Thursday, January 07, 2010

I'm Drawing a Blank Here

I have a friend who was quite upset when the Baseball Hall of Fame vote was announced yesterday. While she was upset about Bert Blyleven getting in, she was outraged that there were five blank ballots. This is something my dad and I discussed many years ago, actually. In the discussion, we reasoned that blank ballots were legitimate votes. The voters have to send ballots in; otherwise, it will be presumed they are lost and replacements would be sent out.

When you’re voting for a political office, a blank ballot is pointless. Someone will be mayor/senator/president/etc. If all choices are bad, the voter must decide which is the better of the evils—or start a write-in campaign for a better choice. But there’s no law saying that someone has to be inducted into the Hall of Fame every year—nor should there be. Non-Hall of Fame caliber players shouldn’t be in the Hall of Fame simply because they happen to be on a ballot in a weak year. Therefore, if a voter truly feels none of the candidates are worthy of the Hall of Fame, a blank ballot is an acceptable vote.
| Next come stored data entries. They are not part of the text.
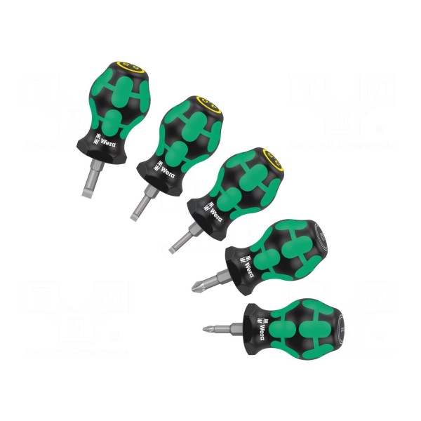 Zestaw zawiera pięć wkrętaków o krótkiej konstrukcji typu Stubby, przeznaczonych do pracy w ograniczonych przestrzeniach. Komplet obejmuje narzędzia z końcówkami płaskimi w rozmiarach 3,5x0,6mm, 4x0,8mm oraz 5,5x1mm, a także wkrętaki z końcówkami Pozidriv w rozmiarach PZ1 i PZ2.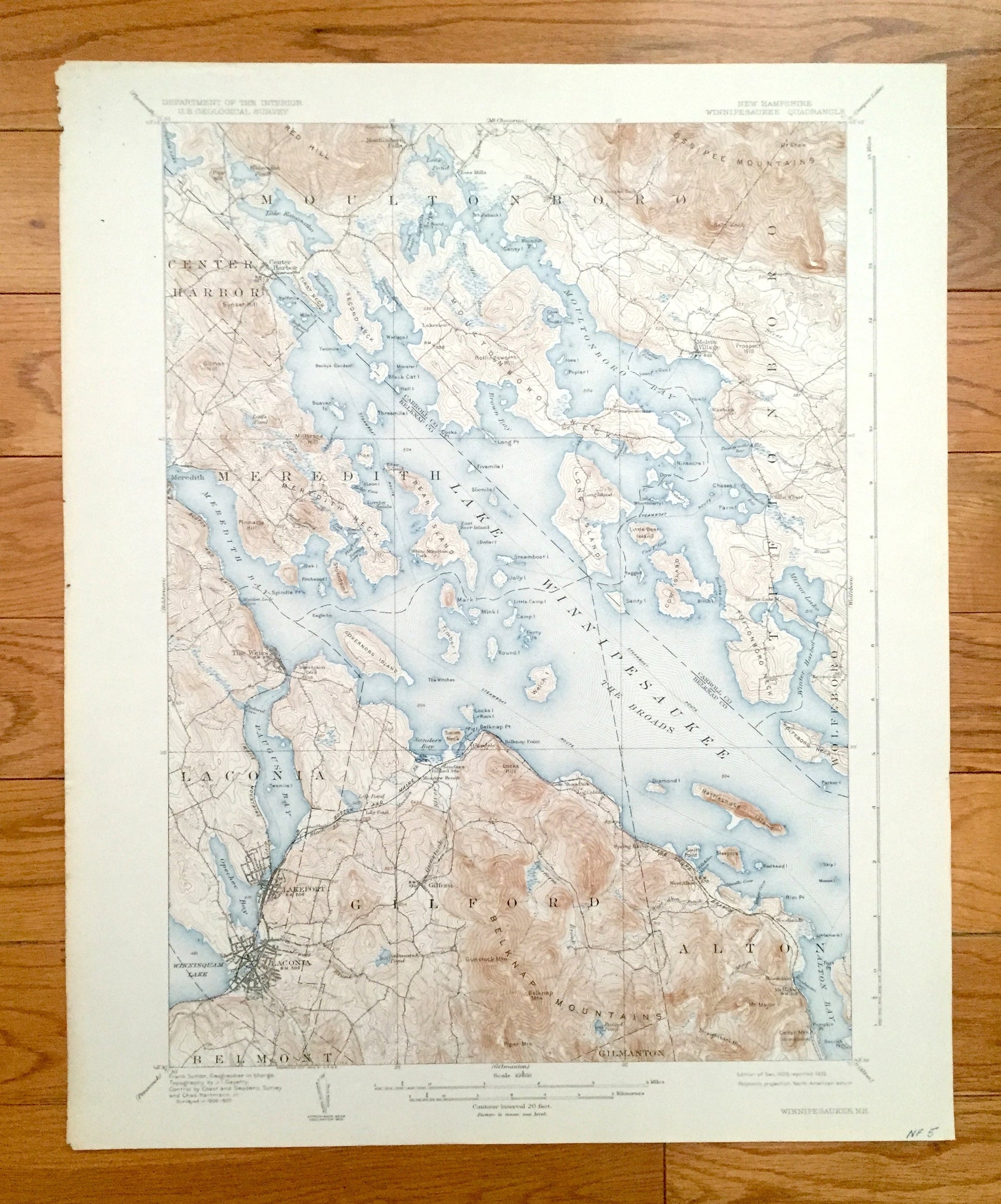 Beautiful, antique map of Lake Winnipesaukee, New Hampshire and surrounding area. This is an authentic 1909 edition, 1935 print from the U.S. Geological Survey and NOT a computer reproduction.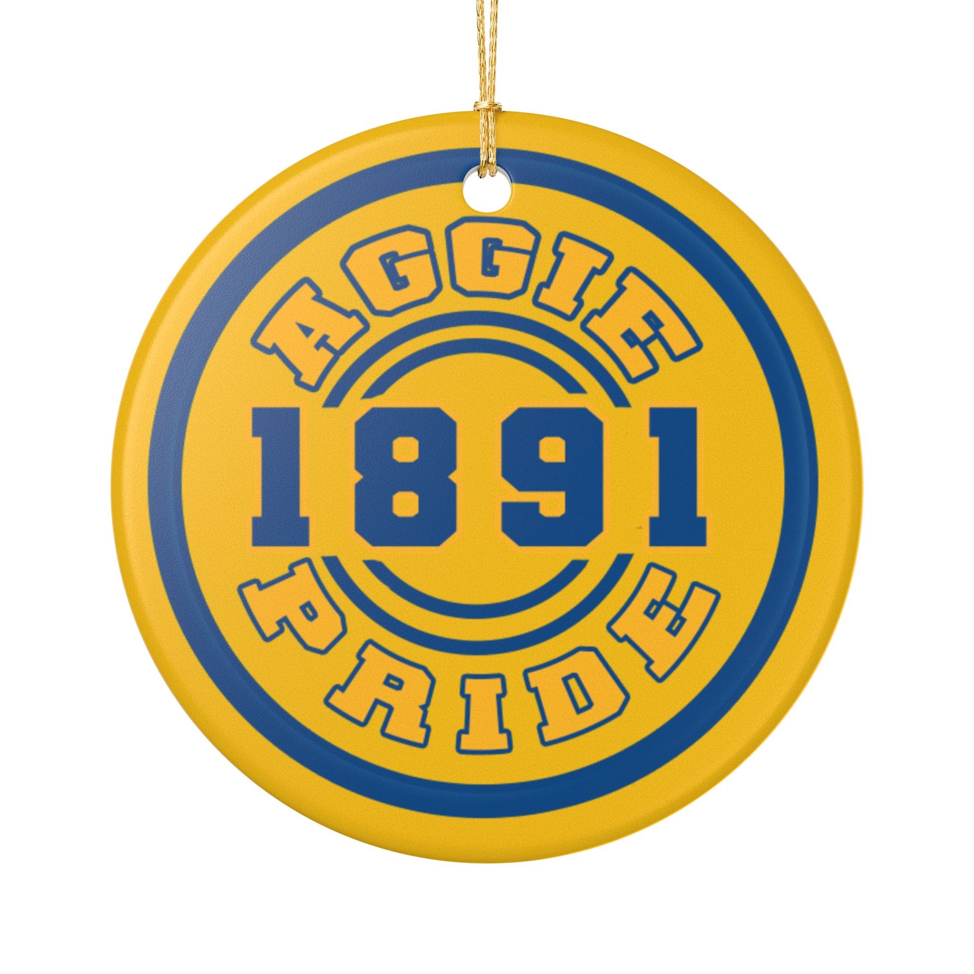 If you do what Aggies do, and strive while here on earth, all loyalty to yield, with mind in hand this glossy ceramic ornament celebrating school spirit with a bold retro badge design is for you. The round ornament shows a vintage collegiate ring and large numerals set against a vibrant gold background and contrasting blue lettering. Lightweight yet sturdy, it hangs from a golden string and shows the same crisp print on both sides — a small keepsake that brings a pop of color and nostalgic pride to a tree, locker, or dorm common area. Each piece is individually UV-printed for durable color and finished with a matte print overlay for subtle texture.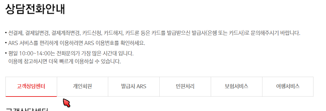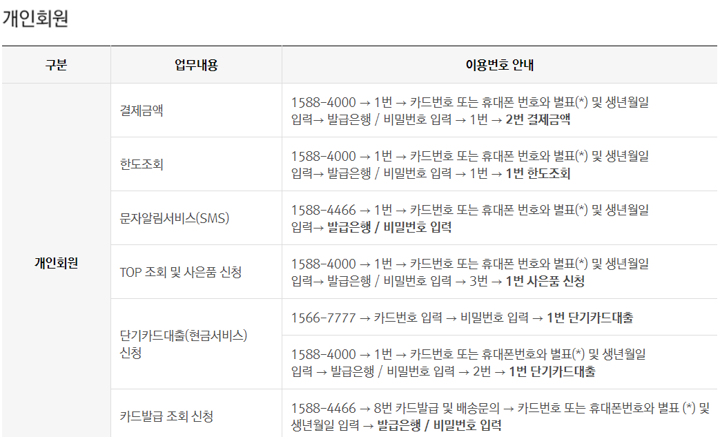 다음은 개인회원인 경우에 ARS 연결 번호에 대해서 간단하게 살펴보도록 하겠습니다. 결제 금액을 확인하려고 한다면 1588-4000 번으로 연락을 하신 다음에 1번을 누르시면 결제 금액 관련 서비스를 이용하실 수가 있고요 기타 한도 조치나 현금서비스 등도 전화로 이용하실 수가 있습니다. 다음 표에 상세하게 이용안내가 나와 있으니 참고 하셔서 ARS 서비스를 바랍니다.

The thing is, like the MVP and Cy Young vote, the Hall of Fame vote is subjective. You have the “old school” guys, who feel that “wins” determine the Cy Young, RBIs and home runs determine the MVP (and their team making playoffs is the basis for both), and only super-super-stars like Babe Ruth and Willie Mays belong in the Hall of Fame. And then you have guys who feel that any player who had a pretty good year deserves the MVP, and anyone who played fairly well deserves to get into the Hall of Fame. (I know there were fans a few years ago that felt Derek Jeter should be MVP. No one in the AL had an outstanding year, and their argument is that he had been a good player for so many years, he deserved it. I call that the worst argument ever for MVP. There are guys who have won MVPs who don’t belong in the Hall of Fame, simply because that one year was the only year they played outstanding. As well, there are probably guys who deserve to be in the Hall of Fame who never won the MVP/Cy Young, because every year there was someone just a bit more outstanding than them, but overall, they were outstanding.)

It all comes down to how you feel about the Hall of Fame. Do you feel it’s only for the Elite? Or do you feel it’s more for baseball history?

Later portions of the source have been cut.